You are viewing a plain text version of this content. The canonical link for it is here.
Posted to user@nutch.apache.org by KRIS MUSSHORN <mu...@comcast.net> on 2016/12/12 19:54:46 UTC
config help
I'm using nutch 1.12 and Solr 5.4.1.
Crawling a website and indexing into nutch.
AFAIK the regex-urlfilter.txt file will cause content to not be crawled..
what if I have
https://XXXX/inside/default.cfm as my seed url...
I want the links on this page to be crawled and indexed but I do not want this page to be indexed into SOLR.
How would I set this up?
I'm thnking that the regex.urlfilter.txt file is NOT the right place.
Re: config help
Posted by KRIS MUSSHORN <mu...@comcast.net>.
Sebastian. i am triggering nutch with a bash script that fires crawl.
How would i set it up to use the index filtering?
Kris
----- Original Message -----
From: "Sebastian Nagel" <wa...@googlemail.com>
To: user@nutch.apache.org
Sent: Tuesday, December 13, 2016 6:11:52 AM
Subject: Re: config help
Hi Kris,
also the indexer can filter by URL. It's possible to create an extra
configuration file used only for indexing and set this only for the indexing job
in combination with the option -filter to enable URL filtering (off by default):
bin/nutch index -Durlfilter.regex.file=regex-urlfilter-index.txt ... -filter
Make sure that the extra file is properly placed / packed so that it is found.

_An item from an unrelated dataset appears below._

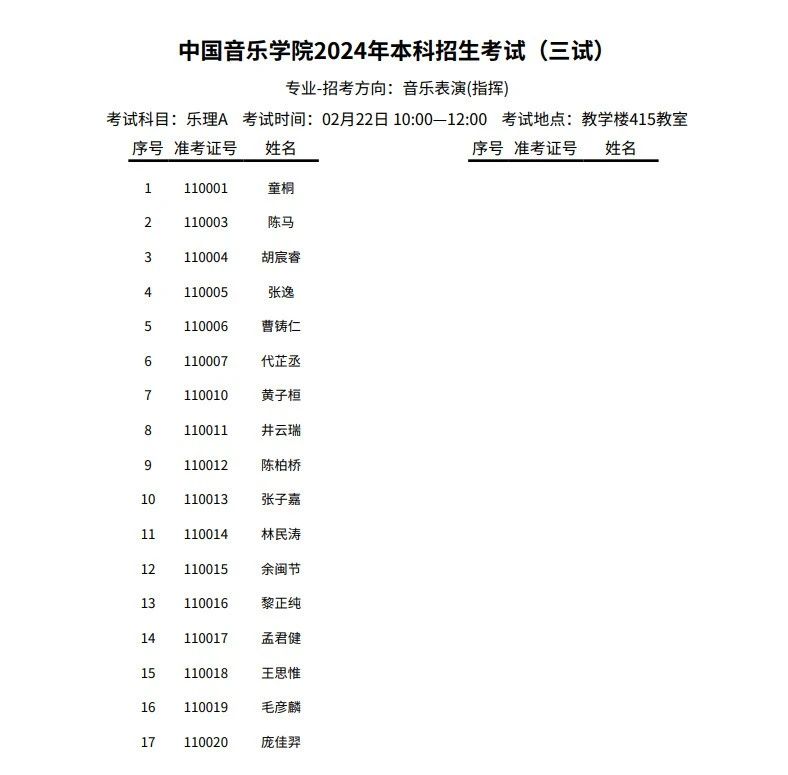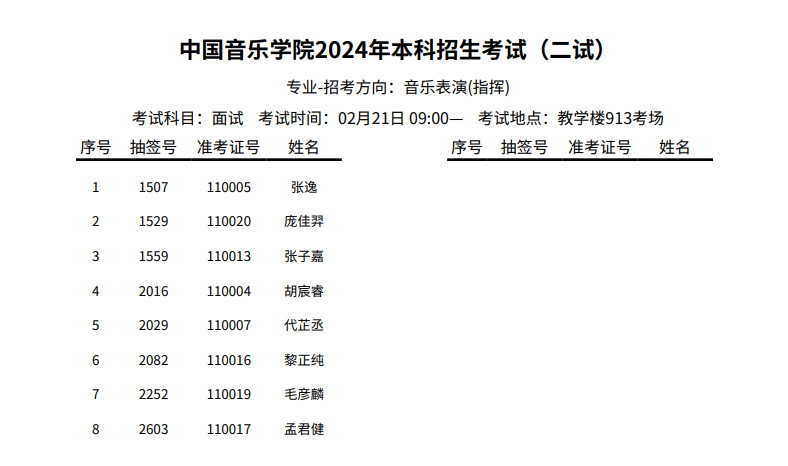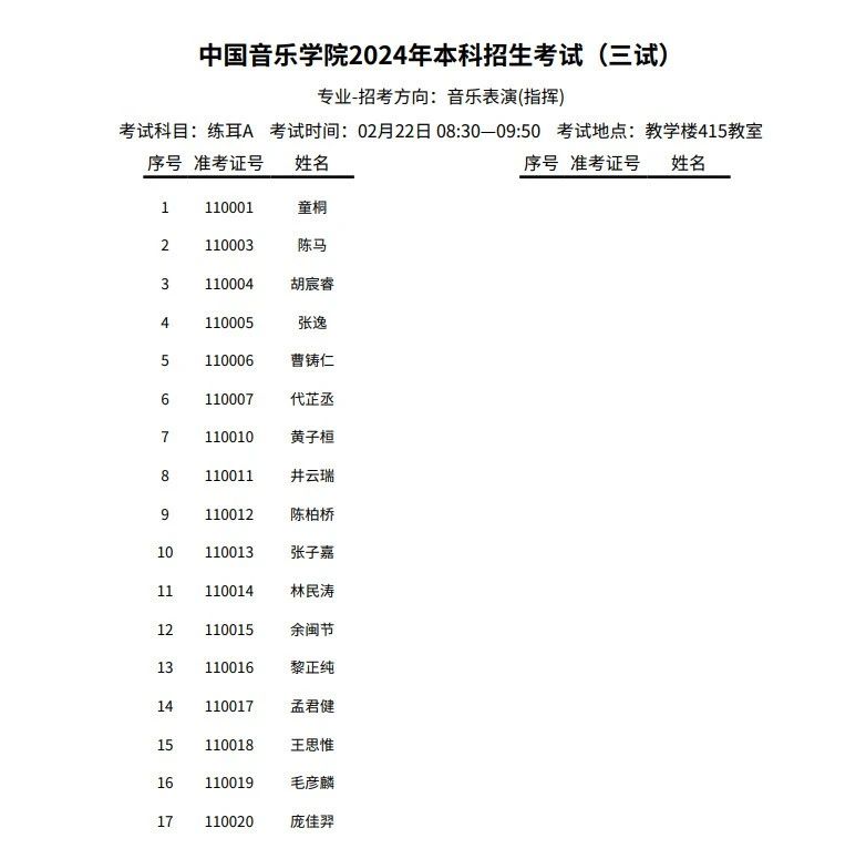 中国音乐学院2024年指挥招考方向二、三试考试安排及考生名单
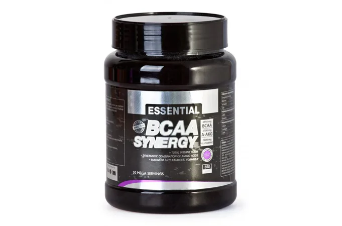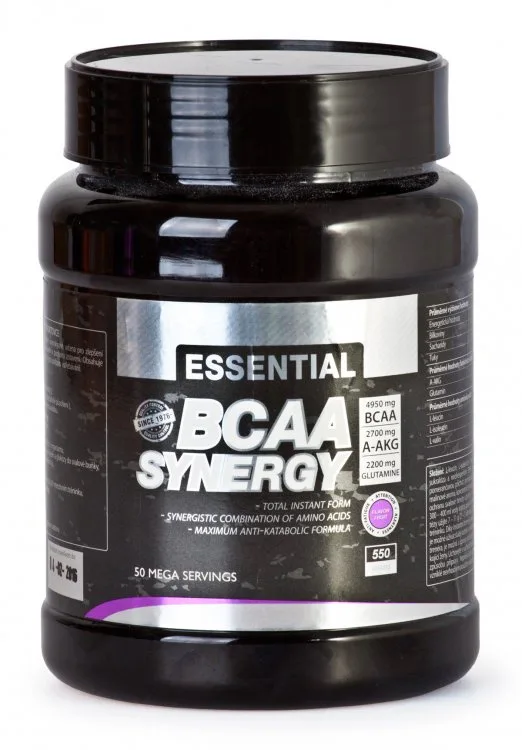Essential BCAA Synergy obsahuje esenciálne aminokyseliny BCAA, teda L-valín, L-izoleucín, L-leucín, ktoré tvoria základnú zložku bielkovín dôležitých na rast svalovej hmoty. Produkt je doplnený aj o glutamín, čo je neesenciálna proteínová aminokyselina, ktorá tvorí až 60 % obsahu aminokyselín svalových buniek. Vedecké pokusy dokázali, že pri úmernom zásobení organizmu glutamínom je možno uspokojiť dopyt svalov.

Since most undesired URLs are already filtered (.jpeg, etc.), for better performance
the file should contain only those rules required to keep the index clean. Also
note that the -D... arguments must precede all other arguments.
Best,
Sebastian
On 12/12/2016 08:54 PM, KRIS MUSSHORN wrote:
> I'm using nutch 1.12 and Solr 5.4.1.
>
> Crawling a website and indexing into nutch.
>
> AFAIK the regex-urlfilter.txt file will cause content to not be crawled..
>
> what if I have
> https://XXXX/inside/default.cfm as my seed url...
> I want the links on this page to be crawled and indexed but I do not want this page to be indexed into SOLR.

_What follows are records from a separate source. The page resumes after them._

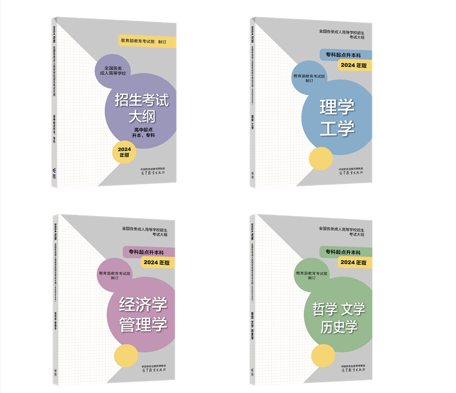 修订后的大纲为《全国各类成人高等学校招生考试大纲(2024年版)》,从2024年起启用。包括高中起点升本、专科和专科起点升本科两类,其中高中起点升本、专科大纲1册,专科起点升本科大纲按报考学科专业不同分为5册。6册大纲由高等教育出版社出版发行。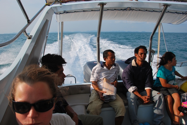 W porcie, na południe od Tratu, przesiadamy się na speedboat’a, który dowiezie nas wreszcie do celu, czyli na maleńką wysepkę Koh Mak. Morze jest wzburzone, motorówka wali o fale, podskakujemy jak na wertepach. Droga do raju nie jest łatwa… Zwłaszcza Mama ledwo żywa, ale dzielna.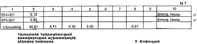 7. Հայաստանի Հանրապետության Գեղարքունիքի մարզպետին` Հայաստանի Հանրապետության կառավարության 2000 թվականի հոկտեմբերի 23-ի N 656 որոշմամբ սահմանված կարգով` սկզբնական հաշվառման տվյալների հիման վրա ապահովել մարզի տարածքում ընթացիկ հաշվառման աշխատանքների իրականացումը: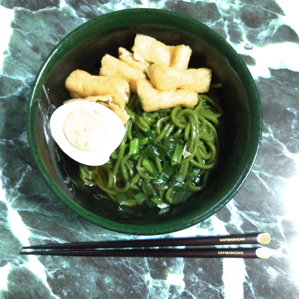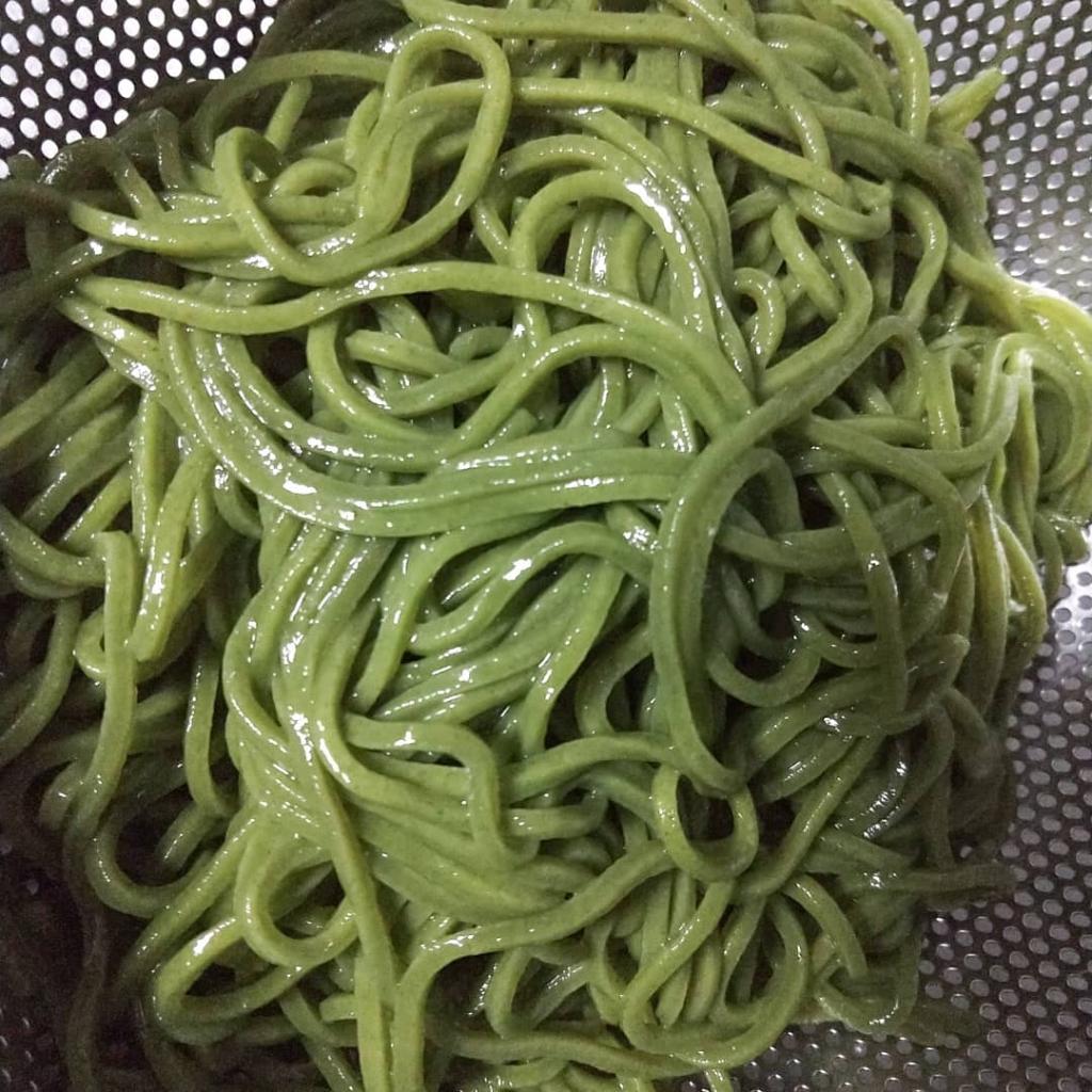 食物繊維が豊富で抗酸化作用のある食べて菜を練り込んであるので色は綺麗な緑色。茹でるとほんのり香ばしいような匂いがします。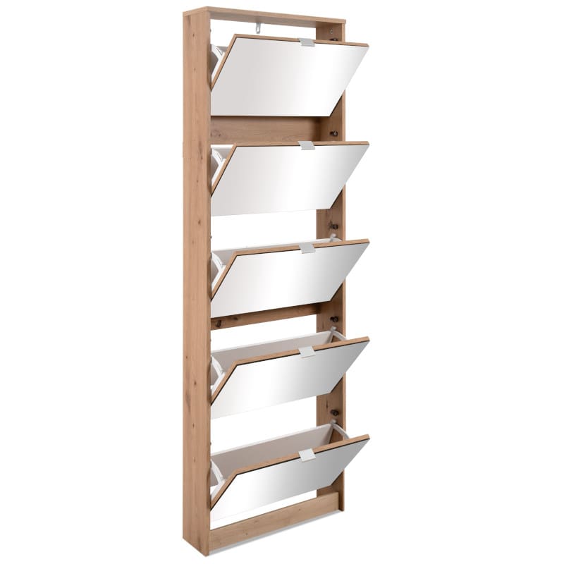Jalanõudekapp on valmistatud kvaliteetsest artisan tamme imitatsiooniga puitlaastplaadist. Kapil on 5 peegliga klappust jalanõude jaoks. Kapp mahutab umbes15 paari jalanõusid.

> How would I set this up?
>
> I'm thnking that the regex.urlfilter.txt file is NOT the right place.
>
Re: config help
Posted by Sebastian Nagel <wa...@googlemail.com>.
Hi Kris,
also the indexer can filter by URL. It's possible to create an extra
configuration file used only for indexing and set this only for the indexing job
in combination with the option -filter to enable URL filtering (off by default):
bin/nutch index -Durlfilter.regex.file=regex-urlfilter-index.txt ... -filter
Make sure that the extra file is properly placed / packed so that it is found.
Since most undesired URLs are already filtered (.jpeg, etc.), for better performance
the file should contain only those rules required to keep the index clean. Also
note that the -D... arguments must precede all other arguments.
Best,
Sebastian
On 12/12/2016 08:54 PM, KRIS MUSSHORN wrote:
> I'm using nutch 1.12 and Solr 5.4.1.
>
> Crawling a website and indexing into nutch.
>
> AFAIK the regex-urlfilter.txt file will cause content to not be crawled..
>
> what if I have
> https://XXXX/inside/default.cfm as my seed url...
> I want the links on this page to be crawled and indexed but I do not want this page to be indexed into SOLR.
> How would I set this up?
>
> I'm thnking that the regex.urlfilter.txt file is NOT the right place.
>